帝国cms调用会员名及投稿数量排名

1、调用会员发布文章数
  <table>
 [e:loop={'SELECT userid, username, count(username) as total from [!db.pre!]ecms_news group by username order by total desc',0,24,0}]  
<tr>  
<td><?=$bqno?></td>  
<td><?=$bqr[username]?></td>  
<td><?=$bqr[total]?></td>  
</tr>
 [/e:loop]  
</table>
全选代码复制
2、只调用会员发布文章数，增加（序号、会员id）
  <table>  
<tr>  
<td>排名号</td>  
<td>会员名</td>  
<td>文章数</td>  
<td>会员ID</td>  
</tr>  
[e:loop={'select userid, username,count(username) as num from [!db.pre!]ecms_news group by username order by num desc',0,24,0}]  
<tr>  
<td><?=$bqno?></td>  
<td><?=$bqr[username]?></td>  
<td><?=$bqr[num]?></td>  
<td><?=$bqr[userid]?></td>  
</tr>  
[/e:loop]  
</table>
注释：在sql语句“ SELECT userid, username, count(username) as total from [!db.pre!]ecms_news group by username order by total desc ”
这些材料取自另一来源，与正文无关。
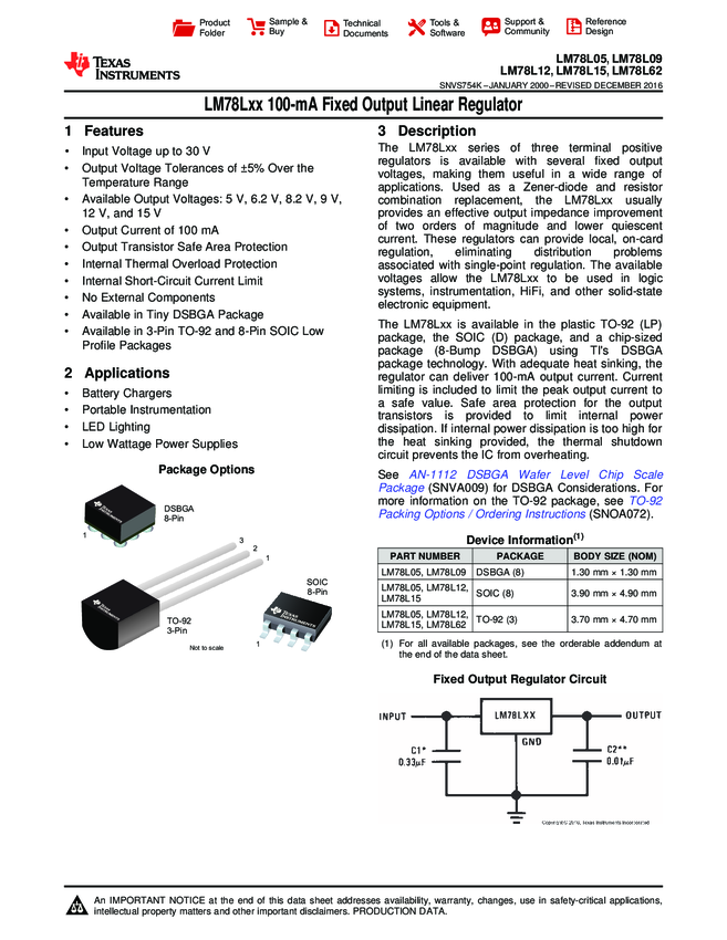 LM78L05ACM, LM78L12ACZ/NOPB, LM78L62ACZ/NOPB

中的“(username)”和“group by username”中的 “username”也能用 “userid” 调用 但会出项一个问题就是 管理员的ID会与前台会员的ID重复
即：管理员的ID=1，前台会员的ID=1（所以管理员的ID=前台会员的ID），最后统计出来的文章会是：管理员+前台会员=总数
月排行
  where newstime > UNIX_TIMESTAMP()-86400*30 （月：30、周：7）
举例：月排行
  <table>
<tr>
<td>排名号</td>
<td>会员名</td>
<td>文章数</td>
<td>会员ID</td>
</tr>  
[e:loop={'select userid, username,count(username) as num from [!db.pre!]ecms_news where newstime > UNIX_TIMESTAMP()-86400*7 group by username order by num desc',0,24,0}]  
<tr>
<td><?=$bqno?></td>
<td><?=$bqr[username]?></td>
<td><?=$bqr[num]?></td>
<td><?=$bqr[userid]?></td>
</tr>  
[/e:loop]  
</table>